> **Work to be completed**
The listing, minus its pictures, is to be given again exactly.

:: Given records ::

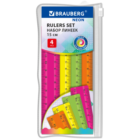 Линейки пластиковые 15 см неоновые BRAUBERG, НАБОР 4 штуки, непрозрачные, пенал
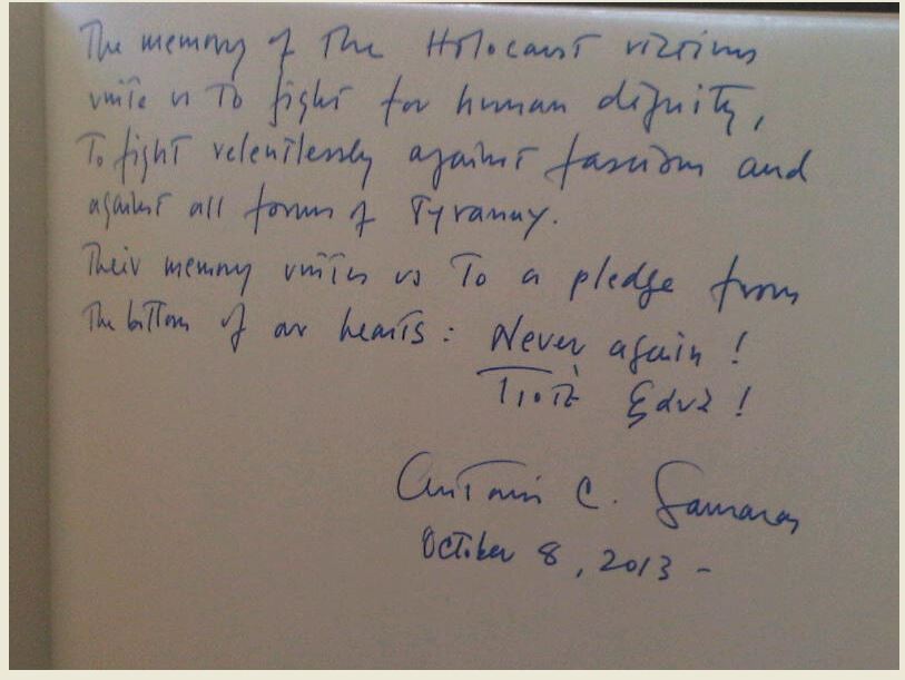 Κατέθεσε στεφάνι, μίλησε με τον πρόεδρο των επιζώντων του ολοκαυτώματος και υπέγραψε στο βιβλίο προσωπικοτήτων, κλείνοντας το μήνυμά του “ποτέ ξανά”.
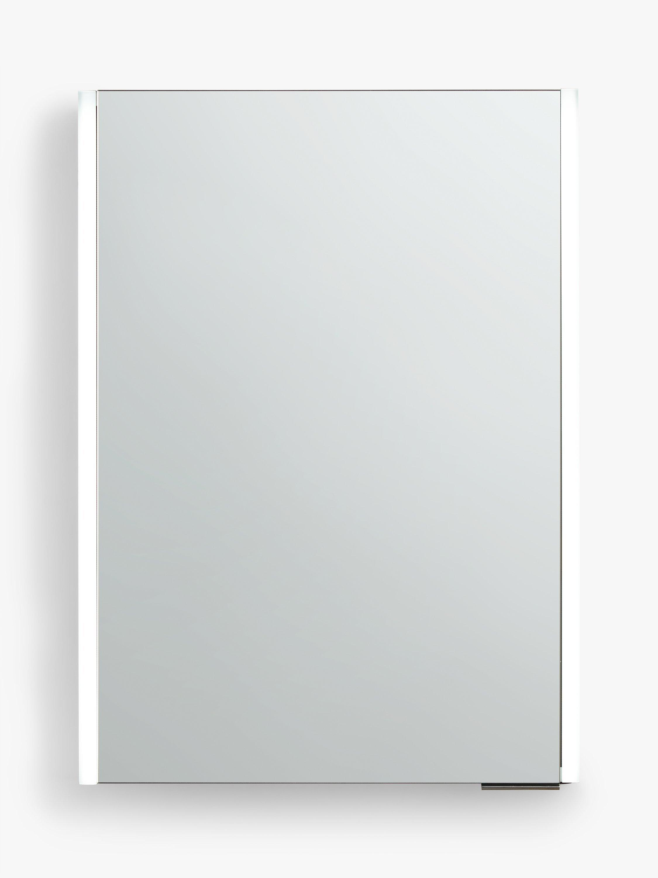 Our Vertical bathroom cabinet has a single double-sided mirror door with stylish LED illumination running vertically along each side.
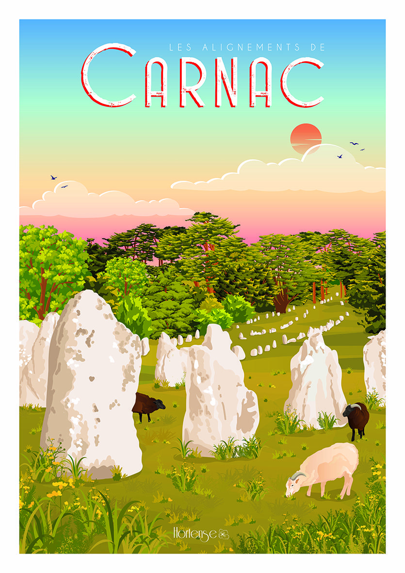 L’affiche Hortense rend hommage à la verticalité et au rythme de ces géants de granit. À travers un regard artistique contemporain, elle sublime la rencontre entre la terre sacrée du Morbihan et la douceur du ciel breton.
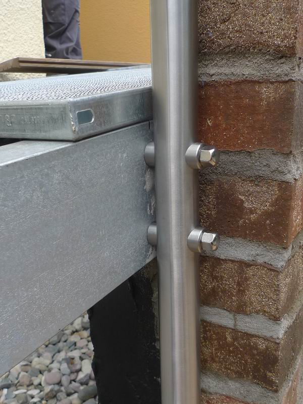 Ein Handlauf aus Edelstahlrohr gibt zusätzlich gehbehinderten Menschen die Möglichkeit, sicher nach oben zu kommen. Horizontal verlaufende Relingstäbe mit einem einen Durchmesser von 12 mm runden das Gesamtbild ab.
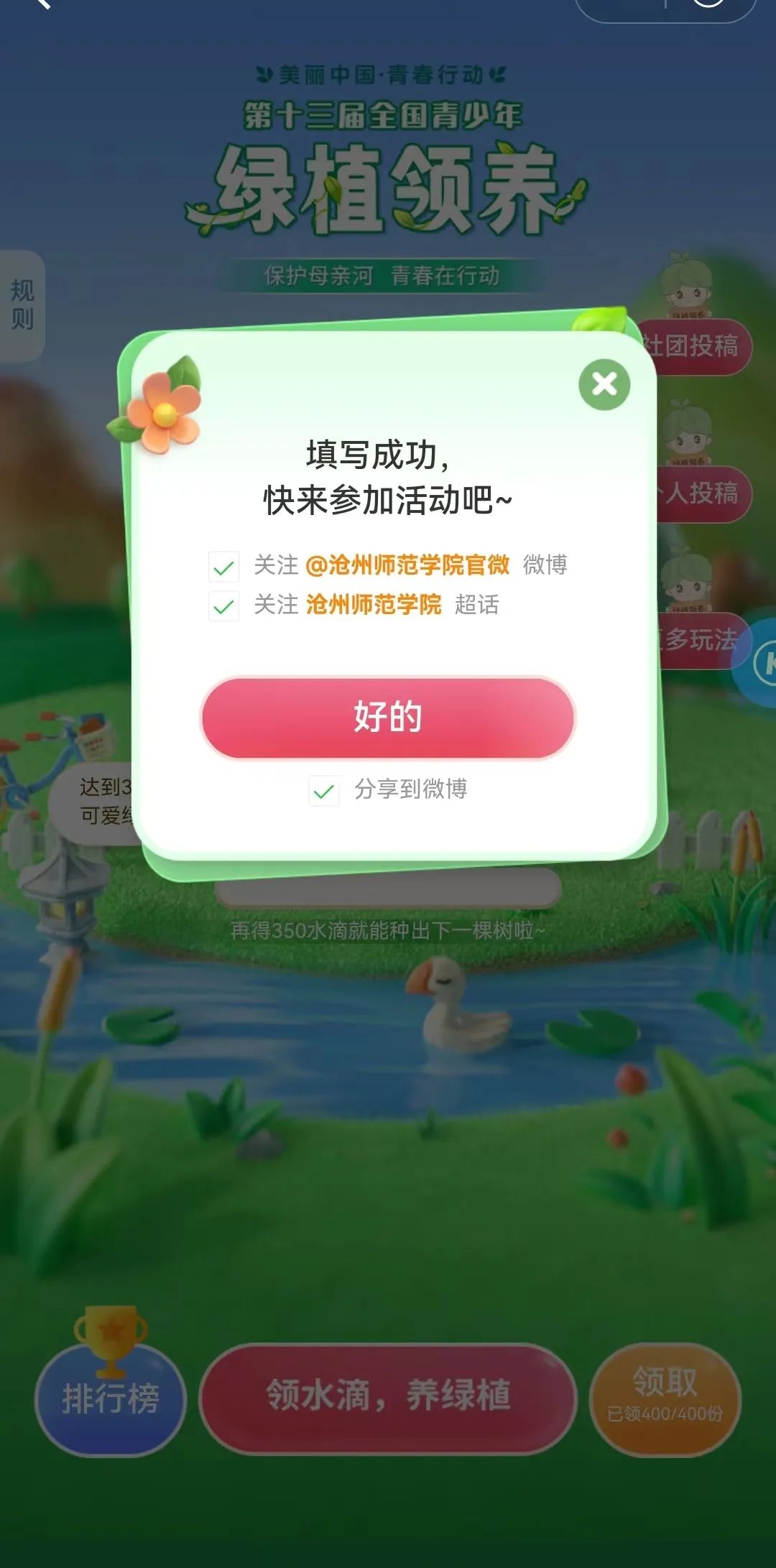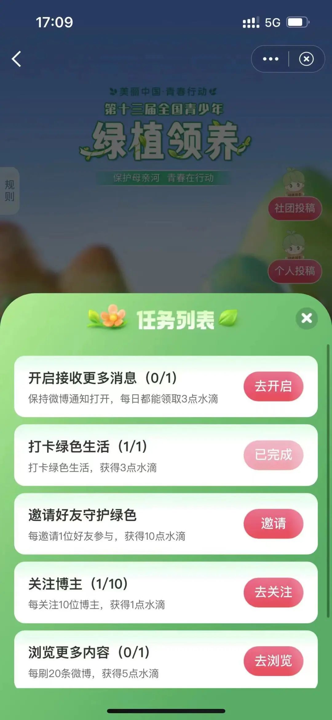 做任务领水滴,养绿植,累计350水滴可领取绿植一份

:::

> **Response area**
 Линейки пластиковые 15 см неоновые BRAUBERG, НАБОР 4 штуки, непрозрачные, пенал
 Κατέθεσε στεφάνι, μίλησε με τον πρόεδρο των επιζώντων του ολοκαυτώματος και υπέγραψε στο βιβλίο προσωπικοτήτων, κλείνοντας το μήνυμά του “ποτέ ξανά”.
 Our Vertical bathroom cabinet has a single double-sided mirror door with stylish LED illumination running vertically along each side.
 L’affiche Hortense rend hommage à la verticalité et au rythme de ces géants de granit. À travers un regard artistique contemporain, elle sublime la rencontre entre la terre sacrée du Morbihan et la douceur du ciel breton.
 Ein Handlauf aus Edelstahlrohr gibt zusätzlich gehbehinderten Menschen die Möglichkeit, sicher nach oben zu kommen. Horizontal verlaufende Relingstäbe mit einem einen Durchmesser von 12 mm runden das Gesamtbild ab.
 做任务领水滴,养绿植,累计350水滴可领取绿植一份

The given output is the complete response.